Tout d’abord les révolutionnaires. Coincés dans les mêmes contradictions, précédemment citées, LO et le NPA tombent dans le fétichisme et le romantisme également, fétichisme d’une classe disparue pour LO, romantisme révolutionnaire pour le NPA. S’il est clair que les discours tenus par ces derniers sont indéniablement justes et recouvrent l’actualité que la crise capitaliste permet, ils ne s’appuient aujourd’hui sur aucune classe ou aucune masse permettant la mise en œuvre de leur programme. A ce titre nous aurions souhaité qu’Anasse Kazib puisse être le candidat révolutionnaire lors de cette élection, sa vision du monde antiraciste et anticapitaliste semble la plus cohérente et la plus à même de trouver un écho dans la situation actuelle. Malheureusement, le système a verrouillé cette candidature ; mais il ne ne fait aucun doute qu’il a planté en 2022 des graines qui fleuriront plus tard.
Le réformisme, donc. L’analyse concrète de la situation concrète n’est pas un choix par défaut, au contraire, elle nous permet de faire le choix nécessaire. Nous le pensons, L’Union populaire est la seule possibilité efficiente d’une bifurcation vers le progrès social et humain d’une société bloquée aujourd’hui dans le conservatisme et la réaction.
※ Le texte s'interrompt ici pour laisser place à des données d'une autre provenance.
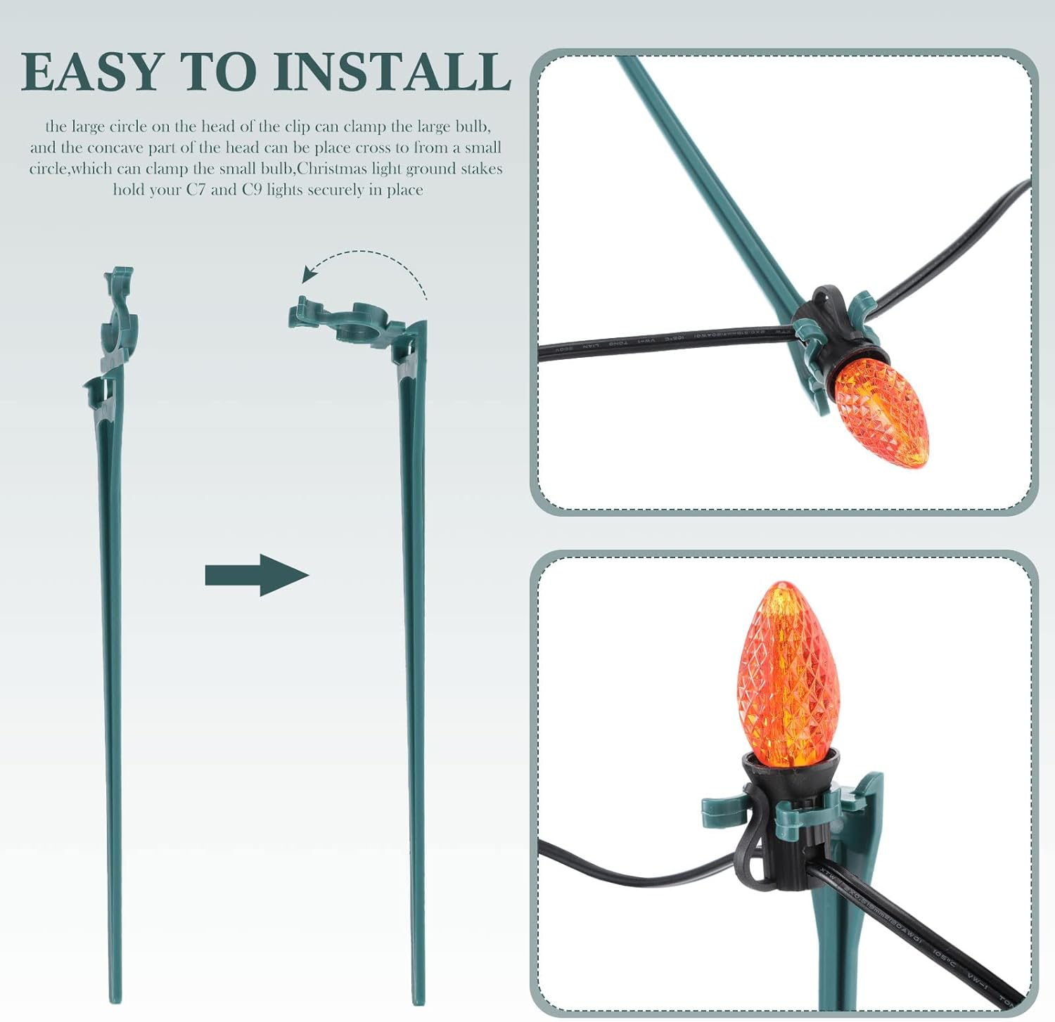 - FOR A VARIETY OF HOLIDAY LIGHTS: 50 Pack light clips for outside string lights, extend the beauty of your house with Christmas lights using our outdoor light hooks. Universal Christmas light clips and outdoor light clips for COMMERCIAL and RESIDENCIAL projects. These hooks for outdoor string lights are hanging clips designed to hold a socket light line with C9 and C7 LED Bulbs and icicle lights

La première force de L’Union populaire est son programme, fruit d’une vision cohérente de la société. Ce dernier propose un nouveau consensus capital/travail an s’appuyant sur une division du travail concrète et en adéquation à la réalité. Il prend acte d’une classe productive éparpillée : des ouvriers non qualifiés aux cadres moyens. De cela découle un programme cohérent de répartition plus juste de la valeur ajoutée. Cette répartition s’appuie sur un changement intellectuel radical dans la gauche de gouvernement : la sortie du fétichisme du marché régulateur. « Le marché c’est le chaos », formule répétée à l’envie par Jean-Luc Mélenchon, prouve l’efficience de l’analyse de départ et donc la fonctionnalité de son programme. La situation lui donne raison, les leviers mis en jeu par la bourgeoisie pendant la crise Covid s’apparentent bien plus à de la planification et de la socialisation qu’au « laisser faire » libéral. Enfermée dans sa fausse conscience, la bourgeoisie conservatrice va tenter de revenir au libéralisme. Pour le pire. Des mesures interventionnistes radicales sont nécessaires et peuvent trouver un appui au sein même de la part la plus progressiste de la bourgeoisie.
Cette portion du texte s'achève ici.